Over the years, we have occasionally encountered somewhat cynical views that ethics issues are purely a cost of doing business. We do not subscribe to this view. Our analysis has been that there are some companies which have repeatedly attracted litigations, regulatory investigations and settlements, while there are others – with robust practices – which have not attracted any. For example, according to research in the 2016 Access to Medicine Index, only Gilead and Novo Nordisk (of 20 major global pharmaceutical companies in the rankings) avoided settlements for breaches of criminal or civil laws or regulations relating to corruption or unethical marketing between 2013-2016 (inclusive).
So, how can investors identify companies which are at higher or lower risk of potential violations? Our engagement has allowed us to narrow down to three risk factors.
- Countries of operation: does the company operate in markets which are likely to result in high penalties for regulatory breaches (the US) or in markets where the regulatory quality and rule of law are weak?
- How staff are paid: does the company rely on revenue growth from aggressively growing sales and/or are sales teams incentivised with big bonuses for hitting ambitious (but unrealistic) sales targets? Is the key performance measure for sales teams solely revenue based or does it include other factors such as quality of sales, customer satisfaction and regulatory knowledge?
- Drugs portfolio strength: does this company have a drugs portfolio in a strong competitive position? Would sales staff possibly need to induce doctors in other ways than just the efficacy of the drugs themselves?
Accountability in pay
Clawback is defined as the provision by which companies can recover bonuses (and other variable pay) after they have vested and have been paid out. These provisions have become increasingly commonplace in certain industries such as banks and pharmaceuticals, and in markets such the US, UK, Switzerland and France. They traditionally cover material financial restatements but there are now increasing moves for clawbacks to also cover instances where employees are held accountable for a broad range of misconduct. We consider clawbacks as an essential and effective way for employers to both incentivize certain behaviours and to hold employees accountable for their actions.
Given the severe financial penalties which can result from staff misconduct, there is growing recognition that effective compensation policies can deter unethical behaviour. In light of this, a working group comprised of Amgen, Bristol-Myers Squibb Company, Eli Lilly, Johnson & Johnson, Merck & Co., Pfizer, and thirteen institutional investors (including BMO Global Asset Management), endorsed a set of principles called the ‘Principal Elements of a Leading Recoupment Policy’ (April 2013) aimed at deterring ethical breaches3.
In 2016, we conducted an engagement project in which we urged 30 leading pharmaceutical companies to establish:
- A compensation clawback policy ¬which would allow for recovery of bonus and other incentive compensation paid to executives and any employee who is involved in misconduct causing financial or reputational harm to the company. We provided a suggested model clawback policy4.
- Clear disclosures and regular reporting of clawback policy implementation which would allow investors and other interested stakeholders to assess whether the clawback policy has been put to use. This should include details of whether the clawback was used in the reporting period, the nature of the incident which prompted it andhat monetary value was clawed back.
While many companies were willing to implement a Clawback policy covering misconduct, very few were willing to commit to ongoing annual disclosures of whether clawbacks were used in the reporting period. Shire was one of the few to do so. We also conducted engagement on the same issue with major financial companies. It is worth noting that JPMorganChase have now agreed to do so, and clawback reporting is available in its annual proxy statement.

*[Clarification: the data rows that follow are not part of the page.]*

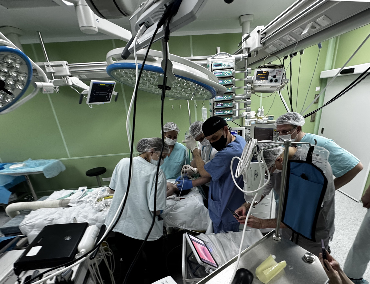 Операция длилась 2 часа и завершилась успешно. У 3-месячного мальчика из Карелии диагностировали врождённую аномалию сосудов. У ребенка сформировались две дуги аорты, которые окружили трахею и пищевод, что вызвало проблемы с дыханием, рассказали врачи Педиатрического университета. Такая патология носит название «полное сосудистое кольцо» или слинг и требует хирургической коррекции. Кроме того, медики подозревали, что длительное сжатие трахеи могло привести к её деформации и сужению. «Это значило бы, что ребёнку необходимо сложнейшее реконструктивное вмешательство — так называемая слайд-пластика. Цель такой операции — восстановление нормального диаметра трахеи которое достигается путем удаления суженной части и последующего соединения оставшихся сегментов», — рассказали врачи. На начальном этапе операции врачи выполнили исследование трахеи, которое показало, что патологии нет.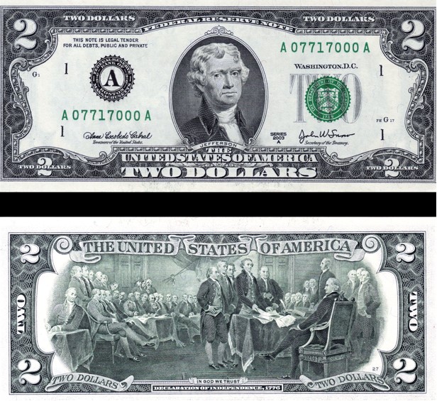 Naslovna foto: 2 dolara avers Thomas Jefferson. (Revers Deklaracija o nezavisnosti)
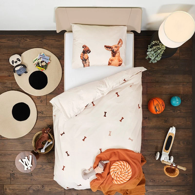 Val met een glimlach in slaap tussen deze twee Teckel hondjes die je dromen delen en bewaken. Met de kluifjes print op het beige overtrek wordt je slaapkamer een knus hondenparadijs. Deze dekbedovertrek-set is onderdeel van een serie: ook verkrijgbaar met Beagles of Corgi’s. Bovendien zijn de kussenslopen los bij te bestellen!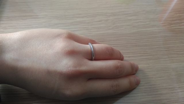私も夫も指が細いので、あまりゴツゴツしたものにしない方が良いねという話をしていました。シンプルなものにしようとしていたのですが、つけ心地がすごく良かったのと、指を華奢に見せてくれるデザインに一目惚れして即購入しました!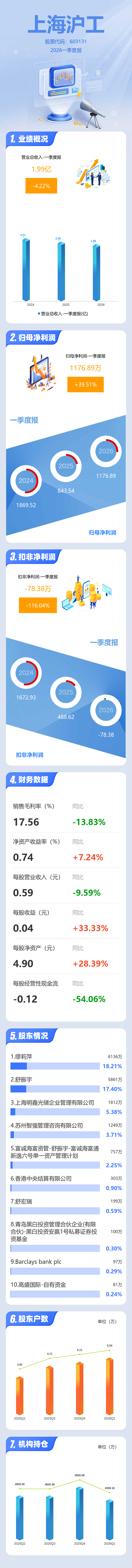证券之星消息,上海沪工2026年一季报显示,一季度公司主营收入1.99亿元,同比下降4.23%;归母净利润1176.89万元,同比上升39.52%;扣非净利润-78.38万元,同比下降116.04%;负债率20.61%,投资收益845.7万元,财务费用586.38万元,毛利率17.56%。

Over the past five years, we have seen a widespread recognition from the pharmaceutical industry that conduct of employees poses a serious risk to commercial performance. We have seen efforts by the companies to improve senior executive and board-level oversight and accountability on this issue, and to; revise and strengthen management systems to assess, identify and monitor potential conduct-related regulatory breaches. Many of the companies are open and willing to discuss the issue and the challenge of reform in an honest fashion. We have had good access to senior executives and board members for in-depth discussions. This has provided signal of how seriously companies are taking reform.